On 1 May, La Barre assembled the bulk of the French cavalry near a position called Trompettes Basses. When he discerned the Spanish troops starting to withdraw to the west, he dashed after them. He sent François Jean Baptiste Quesnel with part of his cavalry to advance along the south bank of the Tech, while taking his best units, the 1st Hussars and the 22nd Chasseurs along the north bank. La Barre led the two regiments across to the south bank at the Saint-Jean ford and raced for the Céret bridge which his horsemen seized. The majority of the retreating Spanish got away, but only as a fleeing mob. The cavalry overran the Spanish artillery and wagon train, capturing 140 cannons, 800 mules, the baggage train, and 1,500 Spanish soldiers.

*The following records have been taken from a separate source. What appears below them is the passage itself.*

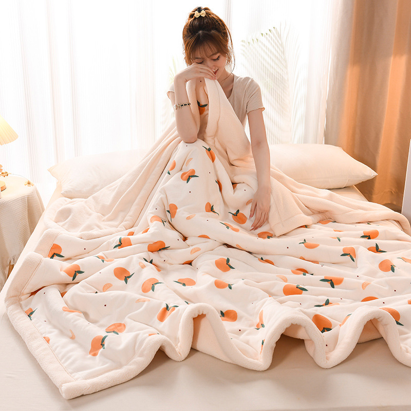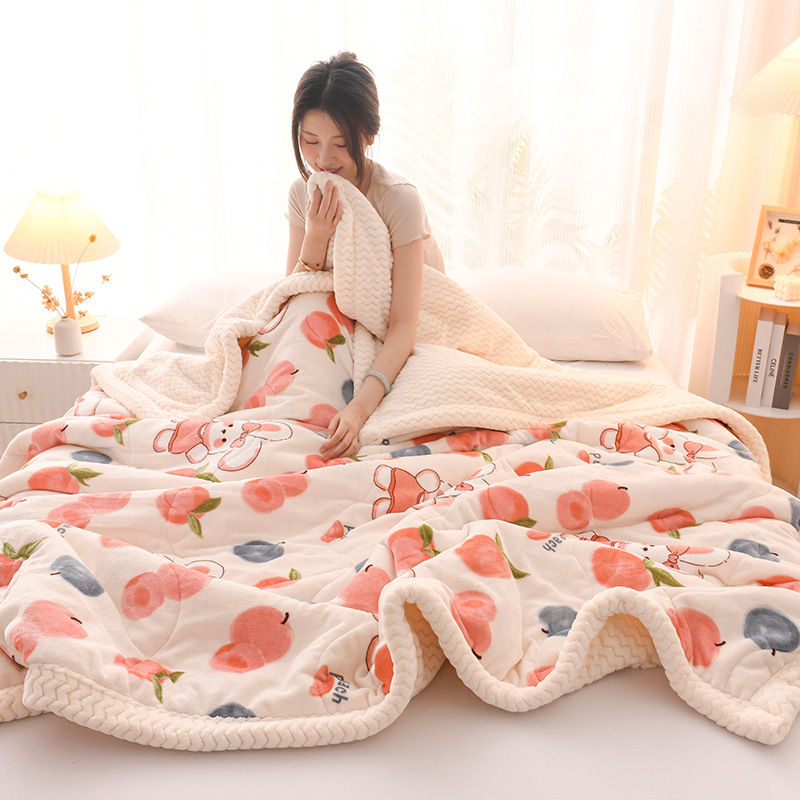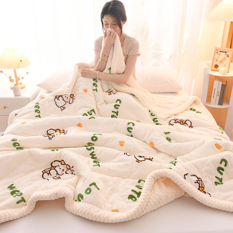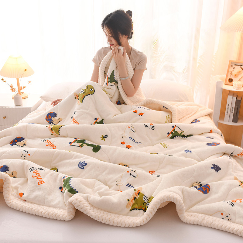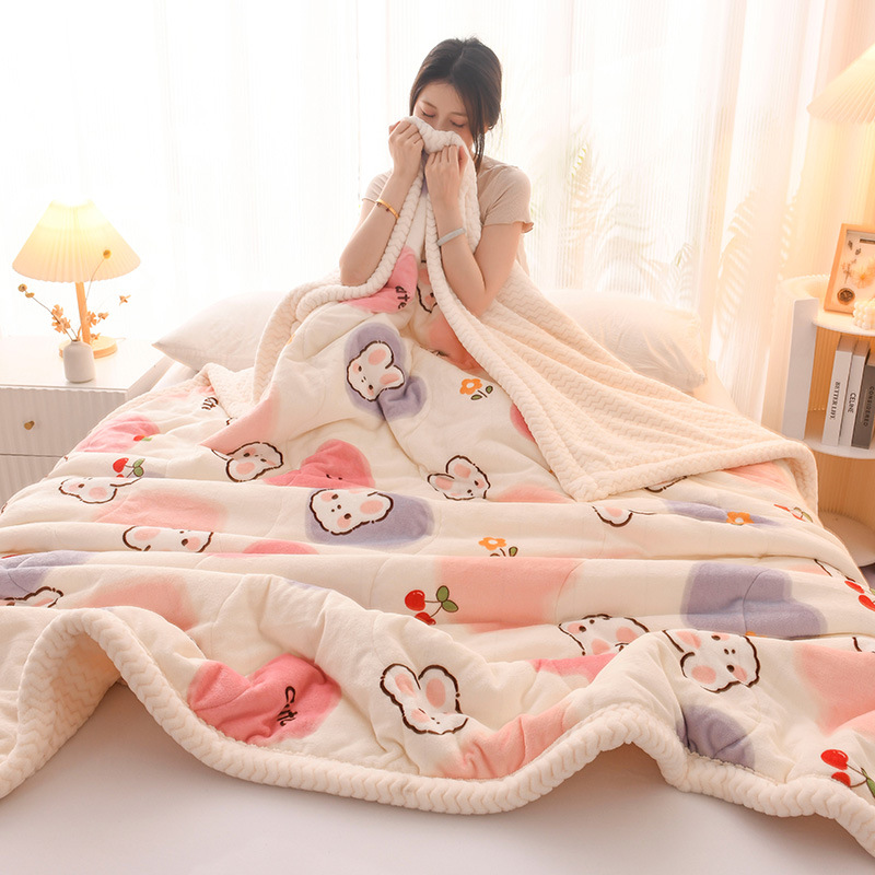 만화 담요 겨울용 두꺼운 누빔 담요 이불 낮잠용 산호색 밀크벨벳 소형 담요 사무실 소파 담요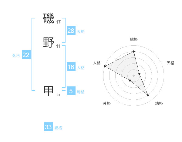 磯野 甲さんの人格は16画の5点!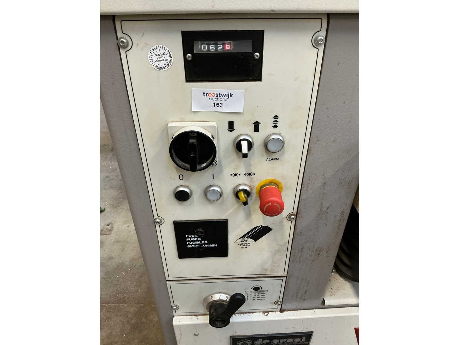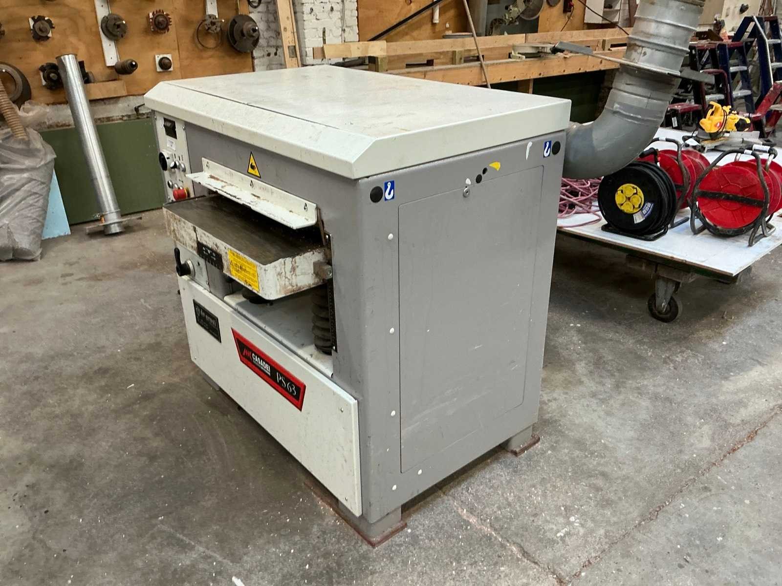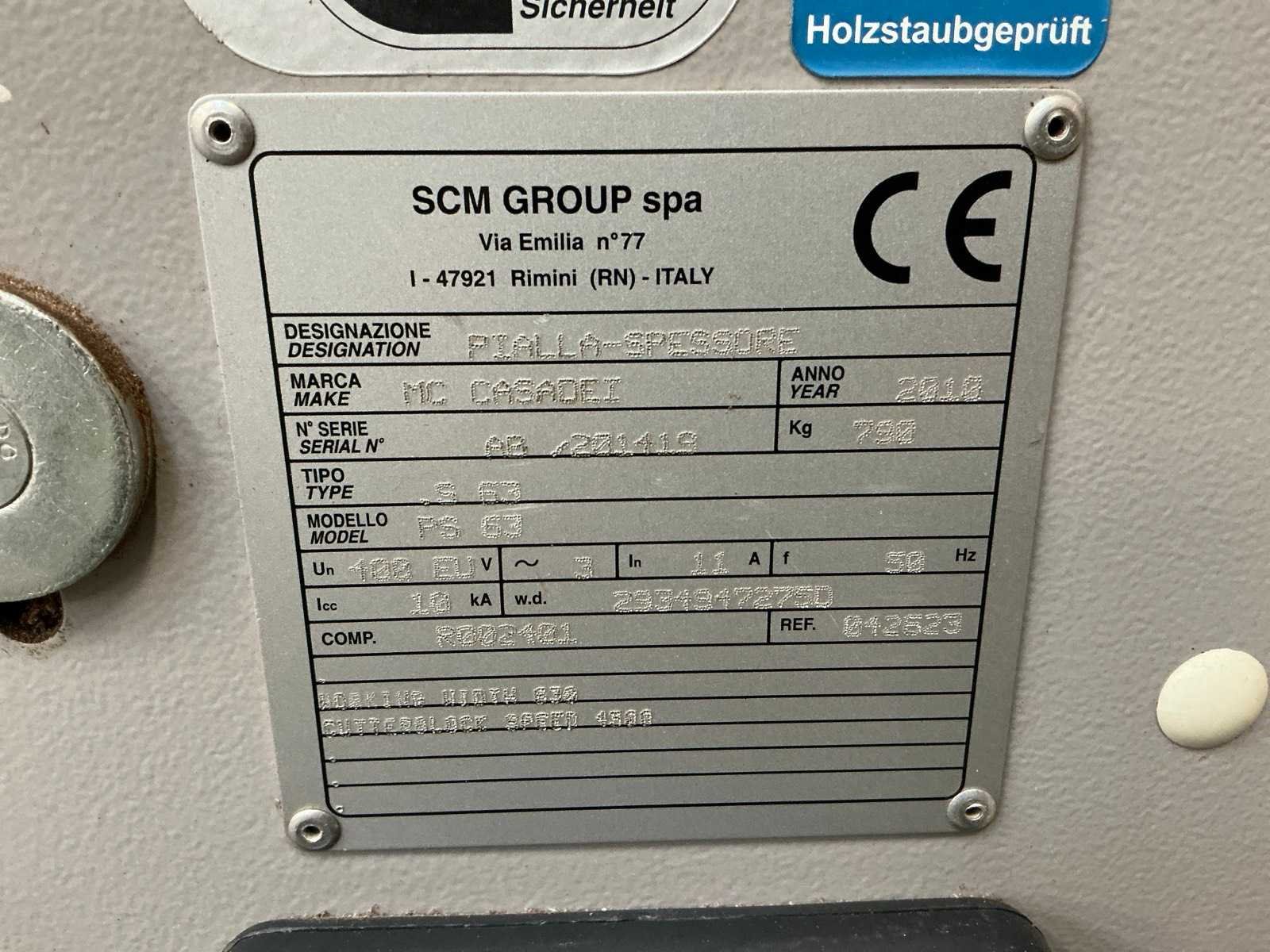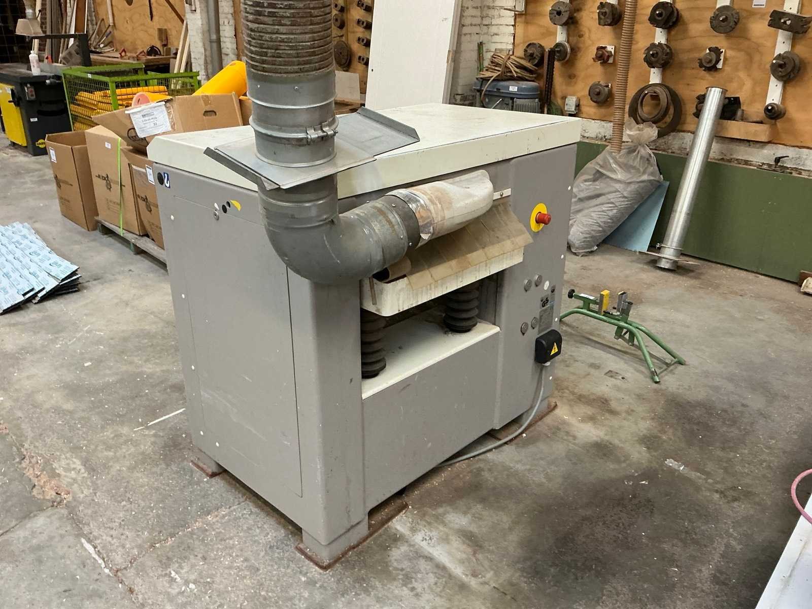 Voorziening elektrische hoog-laag verstelling. Afzuiging alleen tot de afsluiter. Merk: Casadei Type: PS63 Bouwjaar: 2010 Serienummer: AB 201419 Werkbreedte: 630mm Aansluiting: 400V Machinegewicht: 790kg Afmeting l: 1230mm Afmeting b: 900mm Afmeting h: 1180mm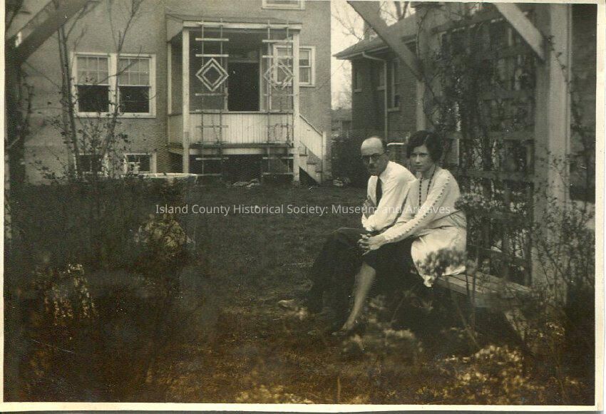 A black and white photo of a man and woman sitting on the bench under a trellis. He has glasses and is wearing a tie, she has on a long top with a necklace, skirt.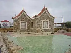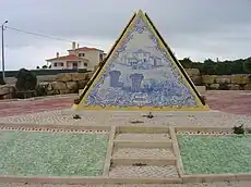The pyramid at the entrance of Fontanelas, with typical Portuguese azulejos.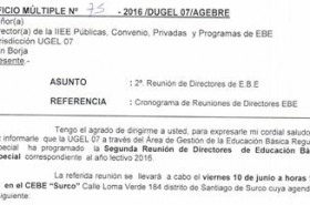 Se hace de conocimiento que el Área de AGEBRE de la UGEL 07 ha programado la Segunda Reunión de Directores de Educación Básica Especial correspondiente al año 2016, la cual se llevará a cabo el viernes 10 junio a horas 9:15 am en el CEBE Surco (Calle Loma Verde 184, distrito de Santiago de Surco).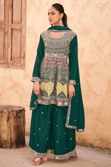 Chinon Fabric Green Color Glamorous Readymade Palazzo Suit

After Boulou, Dugommier carried out the Siege of Collioure using the divisions of La Barre and Pierre François Sauret. The place surrendered to the French on 26 May 1794. At the same time, the French also besieged the Fort de Bellegarde which held out until its Spanish garrison finally capitulated on 17 September. On 6 May, Charles-Pierre Augereau disregarded his orders and led his right wing division to occupy Sant Llorenç de la Muga where there was a Spanish cannon foundry. Occupied with the sieges of both Collioure and Bellegarde, Dugommier wanted his division commander to withdraw to a less exposed position, but Augereau obstinately refused. On 19 May 1794, 15,000 Spanish troops attacked Augereau's 6,000 men in the First Battle of Sant Lorenç de la Muga. The Spanish assault plan proved too complicated, and the French repelled the attack.

==Death==
During 1793, the Army of the Eastern Pyrenees had been disrupted by the all-powerful representatives on mission to an extraordinary degree. When Dugommier assumed command, two new representatives were assigned to the army, Pierre-Amable de Soubrany and Édouard Jean Baptiste Milhaud. Dugommier enjoyed good relations with the two, and the new representatives were able to obtain better supplies for the army. Nevertheless, the two representatives used their authority to punish a large number of officers, both good and bad.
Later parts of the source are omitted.